As with many industrial cities in America at the time, post-war St. Louis experienced a rapid decline of its inner city. Desperately seeking solutions before the decay could absorb downtown, local planners and politicians saw slum clearance as the best option.
Decades later, the results are nothing to celebrate. An aggressive demolition policy failed to create a better neighborhood. Instead, it led to a different kind of stigmatized inner city. The chaotic, dirty and declining urban condition of the mid-20th century gave way to the urban prairie of the 21st.
This section of St. Louis, just northeast of downtown, is an extreme but far from exclusive example of the impacts from public policy that heavily favors demolition in neglected areas.
During the 1950s, politicians, planners and architects consistently preached neighborhood clearance. A 1951 article from Architectural Forum titled “Slum Surgery in St. Louis” (pictured left) is accompanied by a map that categorizes almost all of St. Louis’ downtown and inner city as “blighted” or “obsolete.”
The city had two agencies to clear its slums. The St. Louis Land Clearance and Redevelopment Authority demolished targeted areas and sold them back to the private sector for less than market value. The St. Louis Housing Authority cleared land as well and constructed new public housing complexes for displaced residents.
A newly constructed Pruitt Igoe and its soon to be gone surroundings.

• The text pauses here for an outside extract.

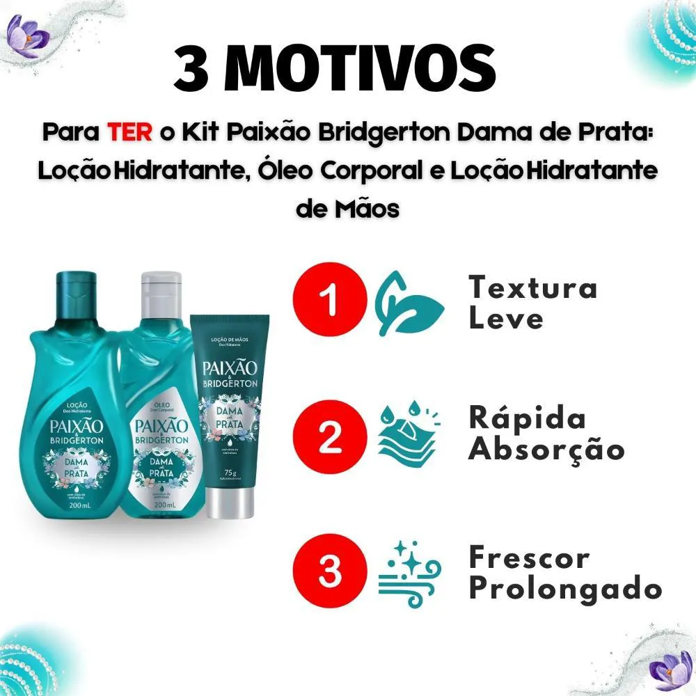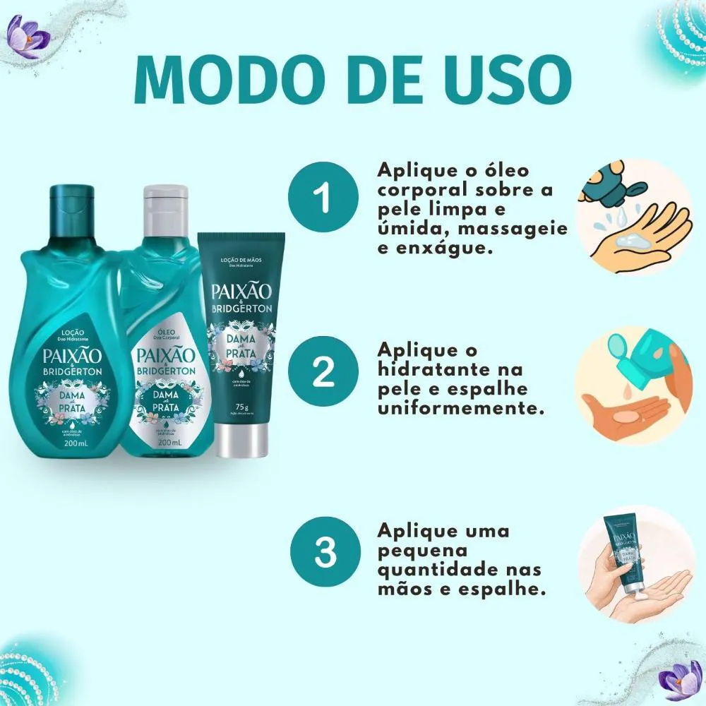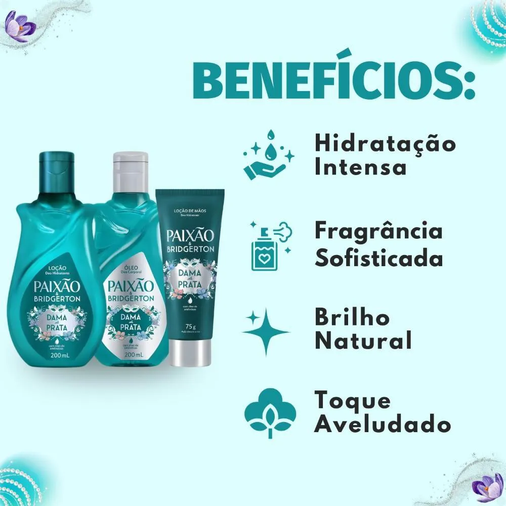 Kit Presente Paixão Bridgerton Dama de Prata: Loção Hidratante, Óleo Corporal 200ml e Loção Hidratante de mãos 75g

Click here to see an enlarged version (Courtesy of Wikimedia Commons).
The Housing Authority constructed the infamous Pruitt-Igoe complex, but it also built more successful housing projects on smaller scales nearby.Those projects however, were still not enough to stabilize the neighborhood or slow down the clearance of this part of the city. For the Land Clearance and Redevelopment Authority, much of the land remained undeveloped, and in many cases, stuck in the city’s hands.
The physical legacy of that era is a neighborhood that hardly qualifies as such. Aided by demolition, nature has slowly taken over the grid with disappearing sidewalks, blocks with nary a building in sight and six-lane streets that drive through green space. Below are a series of aerial images from today that showcase some extreme examples of what comprises this section of inner city St. Louis.
‘Slum Surgery in St. Louis’ photo courtesy of Michael Allen
Thanks for that, Tom. we just got back from a trip to St Louis where we marveled at the great strides that have been made in preserving, rejuvenating and reclaiming many older neighborhoods and commercial districts. It’s sobering to know that they still have daunting problems to match our own.
Very interesting. These pictures remind me of many areas of Detroit.
Man “urban renewal” sure was a colossal failure. And the experts at the time were so sure of its success.
Anon-
Actually, the urban renewal to which I think you are referring- massive public housing blocks- was very controversial especially within the planning and design community. There were many who openly protested the demolition of existing neighborhoods in favor of mid and high rise construction and even predicted their eventual evolution into ghettos and gang controlled fiefdoms. Others openly criticized the lack of attention given to the related actions meant to accompany nearly every one of these projects: child care, resident/ workforce training and building maintenance. Some cities even chose to follow the alternatives proposed by some “experts” by helping citizens acquire low interest loans and o grants for individual home improvements, creating or renovating neighborhood playgrounds and rebuilding local streets. Federal aid proved too tempting for most communties though and now we have to deal with the results.
I agree with Mark, it does look a lot like Detroit. Pretty surreal stuff to see.
Much of the view actually looks like green fields.
St. Louis makes Memphis look really nice. The urban decay up in N. St. Louis is downright shocking. It looks like a war zone . Unreal stuff.
The age old problem of being able to create new housing without a long term economic development plan. Even our new housing projects lack “start up” space for businesses that could emerge from the development.
Aaron-
I agree per the correct course of action, but I am still left wondering how urban prairies can persist. Although downtown St. Louis has suffered its share of employment erosion to the benefit of suburban centers, it remains a prominent center for business and government. Let’s set some ground rules in order to eliminate a few variables (any one of which may be an incorrect assumption on my part):
1) Let’s assume that if suburban taxes are lower, the cost for residents to commute daily between downtown and their homes offsets any decrease in their tax bill as a result.
2) That suburban sprawl is driven in part by the desire for newer homes with large yards.
3) That a significant percentage of these suburban commuter’s children are in private school, thus the state of public schools are a non-issue.
4) That the now vacant inner city neighborhoods cannot be the scene of anything beyond misdemeanor crimes (dumping, vandalism, etc…) simply because no one is left to be the perpetrator of the victim.
With that in mind, I am left wondering why these neighborhoods are vacant. They are open green fields no different than their suburban counterparts except these fields are accompanied by all the infrastructure necessary to build a neighborhood and where urban services (fire protection, street lights, garbage and recycling services) are already present. The market dictates there should be demand there if not for the urban neighborhoods that once existed in the area, than for more suburban like lots and estates.